Invariants of Normal Surface Singularities

法向表面奇点的不变量

• 批准号: 0304759
• 负责人: Andras Nemethi
• 金额: $ 11.35万
• 依托单位: Ohio State University Research Foundation -DO NOT USE
• 依托单位国家: 美国
• 项目类别: Standard Grant
• 财政年份: 2003
• 资助国家: 美国
• 起止时间: 2003-07-15 至 2006-06-30
• 项目状态: 已结题
• 来源: https://www.nsf.gov/awardsearch/showAward?AWD_ID=0304759&HistoricalAwards=false
• 关键词: Invariants; Normal; Surface; Singularities

The proposal has two parts. The main message of the first part is that forthose Gorenstein singularities whose link is a rational homology sphere thework of Artin and Laufer on rational, respectively on minimally ellipticsingularities can be continued. The optimism is partly based on the author'swork on Gorenstein elliptic singularities. For hypersurface singularitieswith rational homology sphere links the proposal addresses an even strongerconjecture: the link determines the embedded topological type (in particular,all homological package derived from the Milnor fibration), all theequivariant Hodge numbers (in particular, the geometric genus), and themultiplicity (in particular, it predicts an even sharper property thanZariski's Conjecture). The second part is concentrated on a recent conjectureof L.I. Nicolaescu and the author which states that a certain Seiberg-Witteninvariant of a rational homology sphere link can serve as an ``optimaltopological upper bound'' for the geometric genus; and in the Q-Gorensteincase, it determines it. In fact, for a smoothing of a Gorenstein singularityit predicts that the signature of the Milnor fiber equals $-8$ times thisSeiberg-Witten invariant. This conjecture generalizes an earlier conjectureof Neumann and Wahl which connects, in the presence of a smoothing,the Casson invariant of the link and the signature of the Milnor fiber,provided that the link is an integer homology sphere.One of the goals of the (analytic) singularity theory is to generalizethe topological and analytical invariants of smooth analytic manifolds.A local singularity, in fact, is the zero set of some analytic functionsFrom topological point of view, a local surface singularity is describedby its link which is a 3--manifold (i.e. it is a cone over its link).On the other hand, it has many analytic invariants codifying interestingproperties of the defining functions. The aim of the proposal is to connectthese invariants. The final goal is a ``lifting property'' which guaranteesthat many analytic invariants can be read already at the topological level.The main topological ingredient is the recent Seiberg-Witten invariant.The proposal combines techniques of algebraic geometry with topologyand sophisticated combinatorial properties of some graphs.

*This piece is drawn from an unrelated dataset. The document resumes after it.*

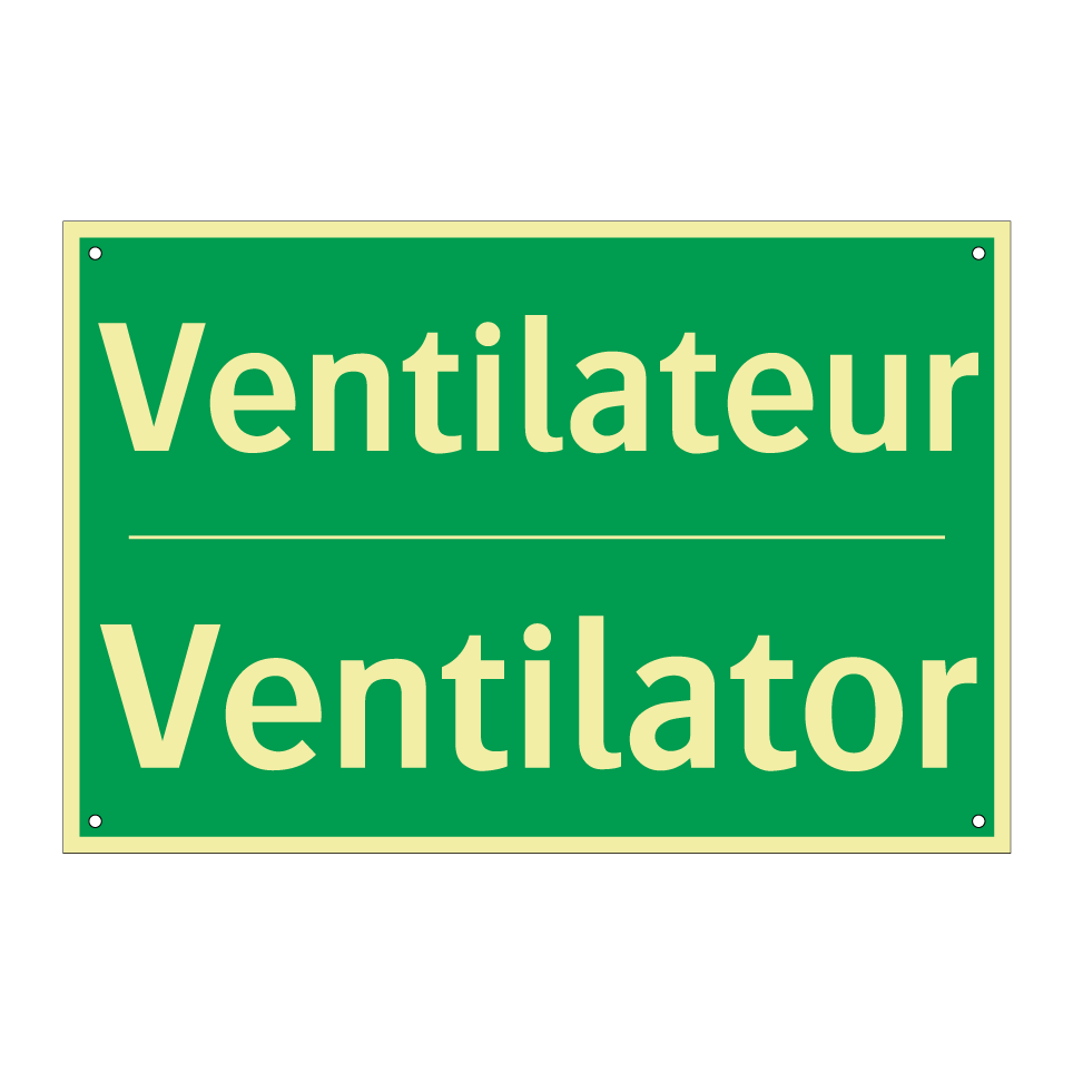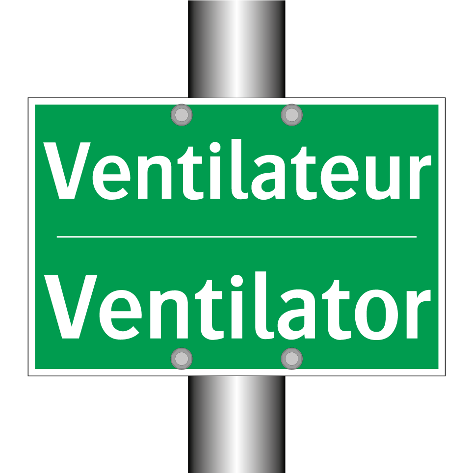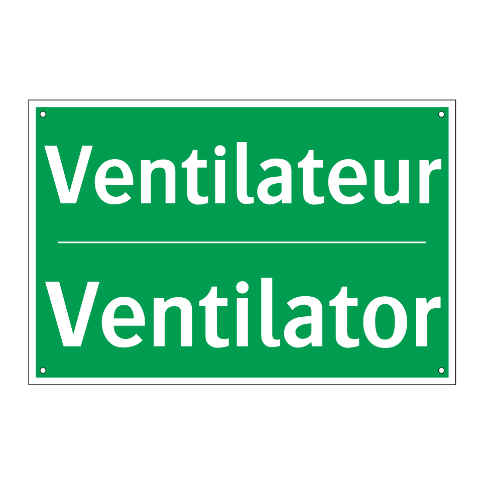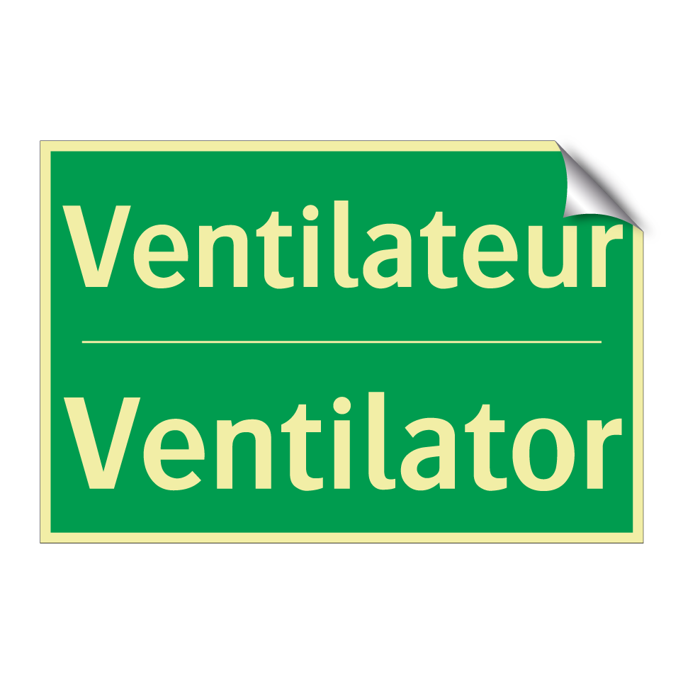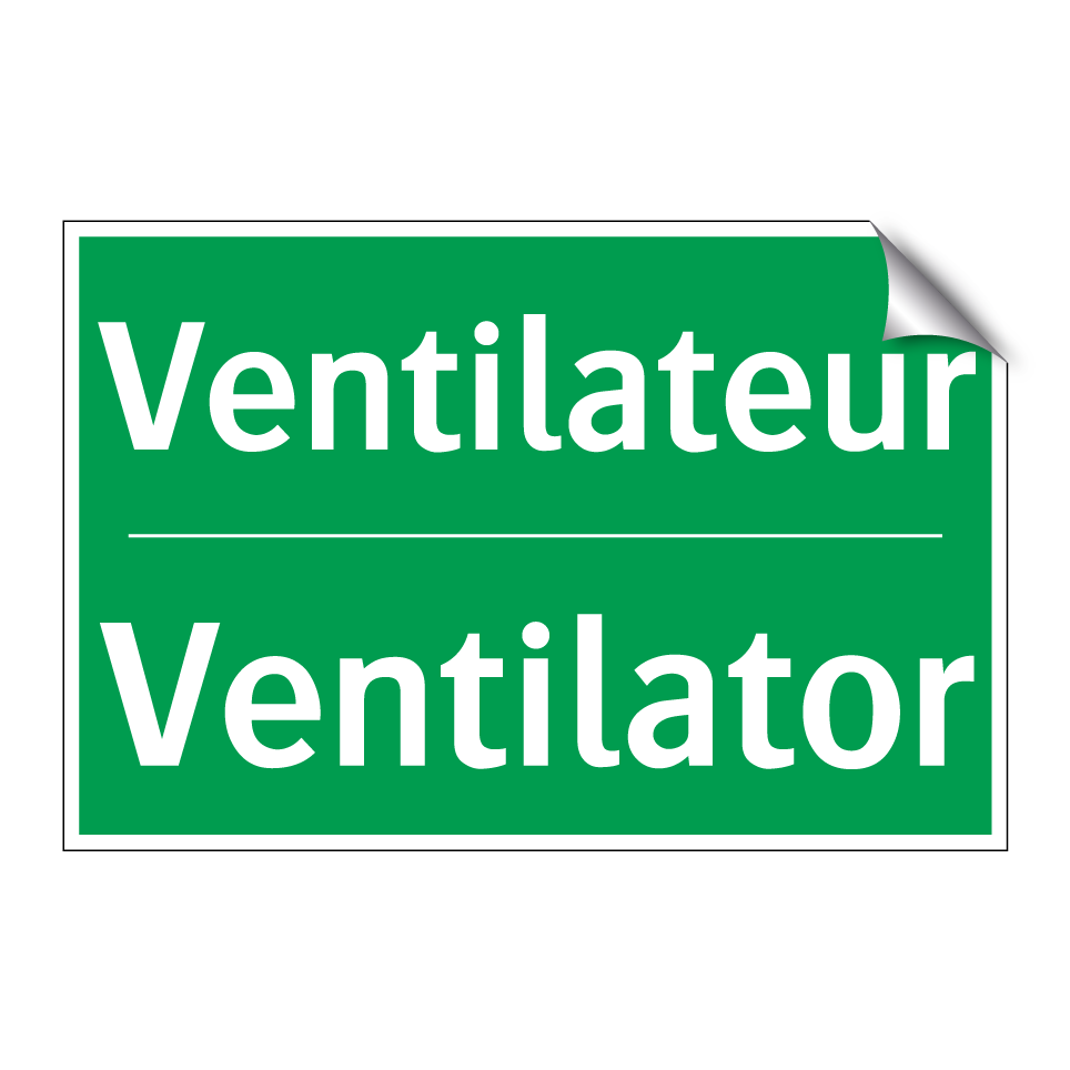 Panneau de secours bilingue avec texte en français : "Ventilateur", et en anglais : "Ventilator"

该提案有两个部分。第一部分的主要信息是，对于那些Gorenstein奇点的链接是一个合理的同调领域的工作，阿廷和劳弗理性，分别对极小椭圆奇点可以继续。乐观的部分是基于作者的工作Gorenstein椭圆奇点。对于具有有理同调球面链接的超曲面奇点，该提议解决了一个更强的猜想：链接决定了嵌入的拓扑类型（特别是，从Milnor纤维化导出的所有同调包），所有等变的Hodge数（特别是，几何亏格）和多重性（特别是，它预测了一个甚至比Zenski猜想更尖锐的性质）。第二部分主要介绍了L. I. Nicolaescu和作者提出，一个有理同调球面环的某个Seiberg-Witten不变量可以作为几何亏格的“最优拓扑上界”;在Q-Gorenstein情形中，它确定了它。事实上，对于Gorenstein奇点的光滑化，它预言Milnor纤维的签名等于这个Seiberg-Witten不变量的$-8$倍。这一猜想推广了Neumann和Wahl的一个较早的猜想，该猜想在光滑化的情况下，将链路的Casson不变量和Milnor纤维的签名联系起来，只要链路是整数同调球面。（解析）奇点理论是对光滑解析流形的拓扑不变量和解析不变量的推广，一个局部奇点，实际上，从拓扑学的观点看，局部曲面奇点是由它的一个3-流形（即它是其上的一个锥）的环来描述的，另一方面，它又有许多解析不变量，这些不变量把定义函数的一些有趣的性质编码起来。该建议的目的是连接这些不变量。最后的目标是一个“提升性质”，它要求许多解析不变量在拓扑水平上已经可以被读取。主要的拓扑成分是最近的Seiberg-Witten不变量。该建议将代数几何技术与拓扑和一些图的复杂组合性质结合起来。